WHAT YOU ARE ASKED TO DO — For the data below, transcribe the part that opens with the line containing "Floral Playboy men's" and closes with the line containing "certificate. Tax exempt.", exactly and with no pictures.

RECORDS TO USE —
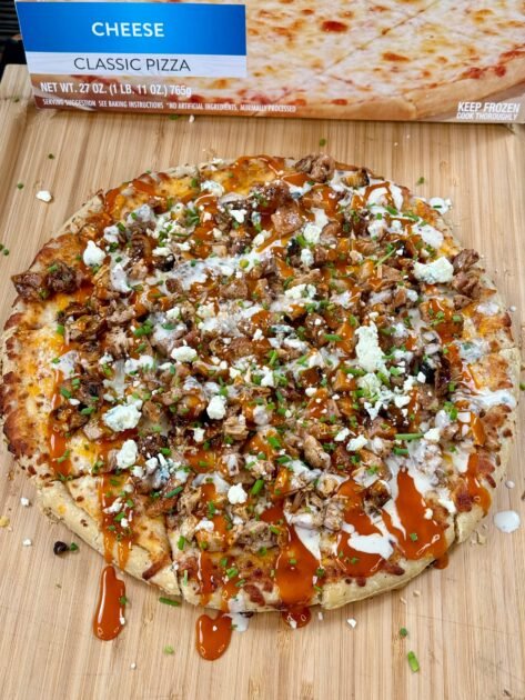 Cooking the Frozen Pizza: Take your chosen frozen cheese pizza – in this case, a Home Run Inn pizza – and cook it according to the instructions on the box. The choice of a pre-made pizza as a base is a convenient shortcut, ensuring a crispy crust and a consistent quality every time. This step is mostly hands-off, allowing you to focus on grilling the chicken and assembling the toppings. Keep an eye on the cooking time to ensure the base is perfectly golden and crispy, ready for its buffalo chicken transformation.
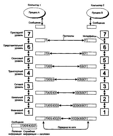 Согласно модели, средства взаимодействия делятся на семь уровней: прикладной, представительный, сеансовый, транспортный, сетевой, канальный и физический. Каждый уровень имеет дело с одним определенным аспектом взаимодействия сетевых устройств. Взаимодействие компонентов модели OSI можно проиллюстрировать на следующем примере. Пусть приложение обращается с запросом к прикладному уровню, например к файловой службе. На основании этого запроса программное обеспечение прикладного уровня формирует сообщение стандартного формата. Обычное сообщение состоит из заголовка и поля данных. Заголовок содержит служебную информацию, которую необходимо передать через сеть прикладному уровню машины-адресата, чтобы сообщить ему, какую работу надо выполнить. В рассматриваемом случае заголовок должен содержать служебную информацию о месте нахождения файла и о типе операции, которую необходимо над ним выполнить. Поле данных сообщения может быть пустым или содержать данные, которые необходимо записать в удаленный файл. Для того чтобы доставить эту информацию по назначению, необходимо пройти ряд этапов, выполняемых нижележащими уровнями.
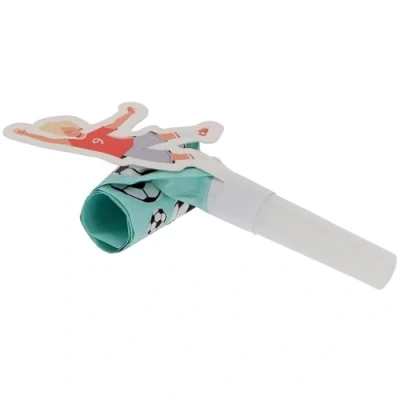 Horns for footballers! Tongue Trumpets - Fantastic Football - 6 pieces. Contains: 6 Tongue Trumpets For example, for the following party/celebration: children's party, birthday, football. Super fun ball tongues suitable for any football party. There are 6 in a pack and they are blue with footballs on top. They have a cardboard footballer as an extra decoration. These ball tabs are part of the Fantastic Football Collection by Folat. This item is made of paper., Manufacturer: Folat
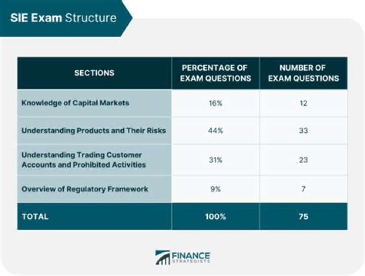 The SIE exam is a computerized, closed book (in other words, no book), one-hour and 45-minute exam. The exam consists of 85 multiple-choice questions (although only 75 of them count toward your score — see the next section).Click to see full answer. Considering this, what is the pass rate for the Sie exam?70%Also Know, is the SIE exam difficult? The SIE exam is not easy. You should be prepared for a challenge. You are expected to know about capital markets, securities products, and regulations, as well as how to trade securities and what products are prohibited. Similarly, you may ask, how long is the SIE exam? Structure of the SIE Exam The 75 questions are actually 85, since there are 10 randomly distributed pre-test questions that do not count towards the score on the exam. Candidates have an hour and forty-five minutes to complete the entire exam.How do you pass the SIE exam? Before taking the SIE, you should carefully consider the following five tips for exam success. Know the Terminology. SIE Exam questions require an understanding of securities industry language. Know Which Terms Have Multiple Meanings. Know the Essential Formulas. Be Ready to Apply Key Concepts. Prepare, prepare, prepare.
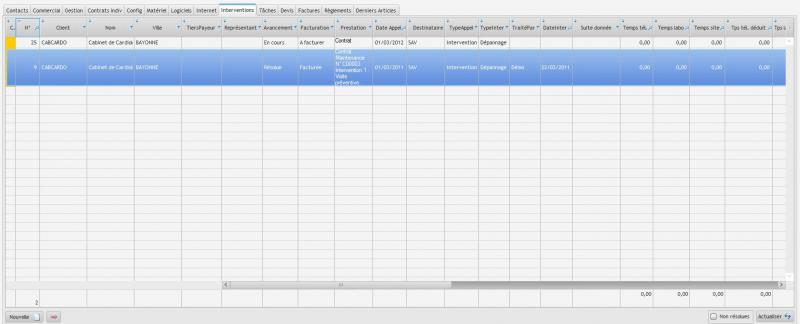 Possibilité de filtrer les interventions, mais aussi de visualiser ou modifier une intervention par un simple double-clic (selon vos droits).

...

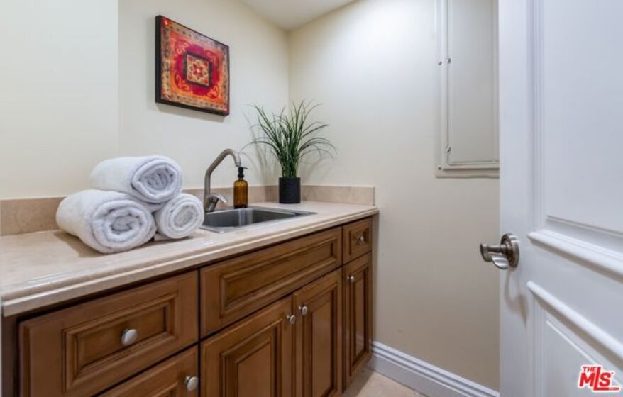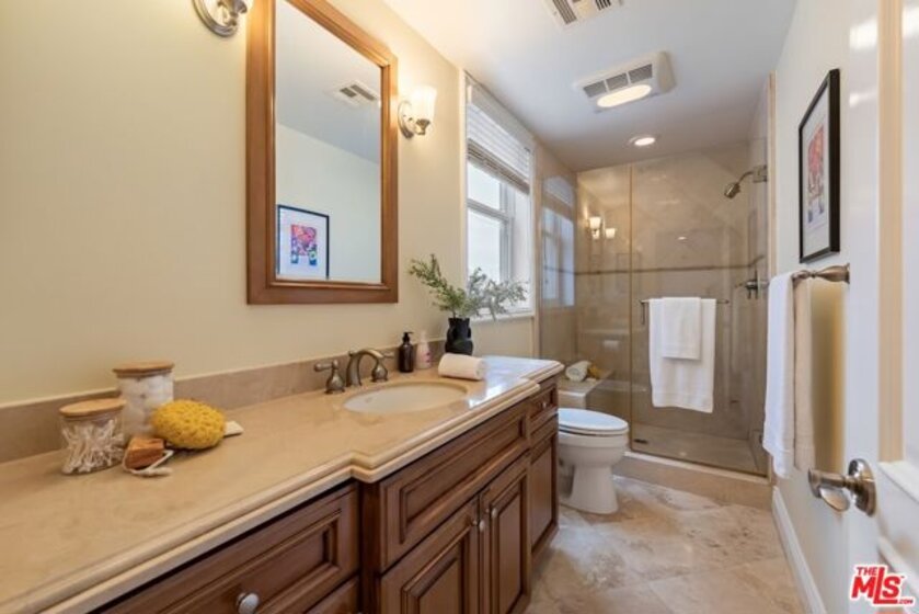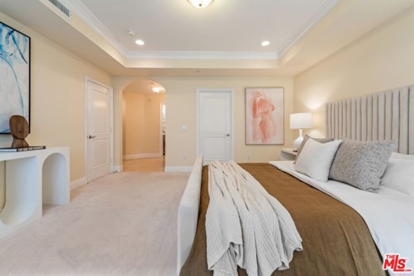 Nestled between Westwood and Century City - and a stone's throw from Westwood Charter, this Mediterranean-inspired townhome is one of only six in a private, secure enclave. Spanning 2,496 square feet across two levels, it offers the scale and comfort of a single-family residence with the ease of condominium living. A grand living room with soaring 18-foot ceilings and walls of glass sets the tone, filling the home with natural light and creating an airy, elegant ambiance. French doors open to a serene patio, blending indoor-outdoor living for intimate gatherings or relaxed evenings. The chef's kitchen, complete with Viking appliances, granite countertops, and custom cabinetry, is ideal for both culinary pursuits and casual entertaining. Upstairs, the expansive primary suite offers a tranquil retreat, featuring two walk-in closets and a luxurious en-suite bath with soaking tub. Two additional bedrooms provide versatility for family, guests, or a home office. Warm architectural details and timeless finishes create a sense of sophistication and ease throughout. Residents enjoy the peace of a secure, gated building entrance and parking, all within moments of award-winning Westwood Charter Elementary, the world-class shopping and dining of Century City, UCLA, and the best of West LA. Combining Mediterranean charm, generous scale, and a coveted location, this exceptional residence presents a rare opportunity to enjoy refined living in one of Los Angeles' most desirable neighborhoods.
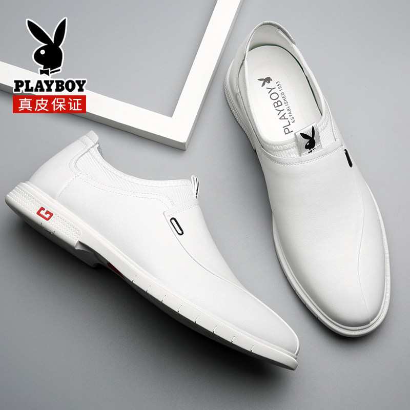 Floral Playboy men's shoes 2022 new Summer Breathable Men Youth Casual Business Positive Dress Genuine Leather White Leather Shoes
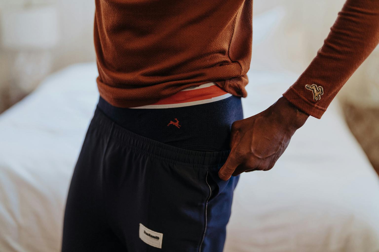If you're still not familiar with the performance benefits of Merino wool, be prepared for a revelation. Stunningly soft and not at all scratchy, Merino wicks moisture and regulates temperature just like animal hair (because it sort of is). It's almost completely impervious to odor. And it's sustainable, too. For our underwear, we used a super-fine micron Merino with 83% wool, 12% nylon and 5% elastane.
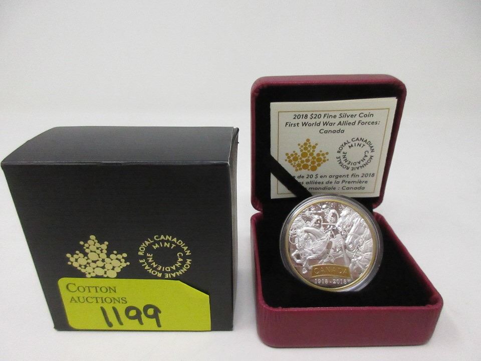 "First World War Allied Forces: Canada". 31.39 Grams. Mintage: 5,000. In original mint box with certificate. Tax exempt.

RESULT OF THIS EXERCISE —
 Floral Playboy men's shoes 2022 new Summer Breathable Men Youth Casual Business Positive Dress Genuine Leather White Leather Shoes
If you're still not familiar with the performance benefits of Merino wool, be prepared for a revelation. Stunningly soft and not at all scratchy, Merino wicks moisture and regulates temperature just like animal hair (because it sort of is). It's almost completely impervious to odor. And it's sustainable, too. For our underwear, we used a super-fine micron Merino with 83% wool, 12% nylon and 5% elastane.
 "First World War Allied Forces: Canada". 31.39 Grams. Mintage: 5,000. In original mint box with certificate. Tax exempt.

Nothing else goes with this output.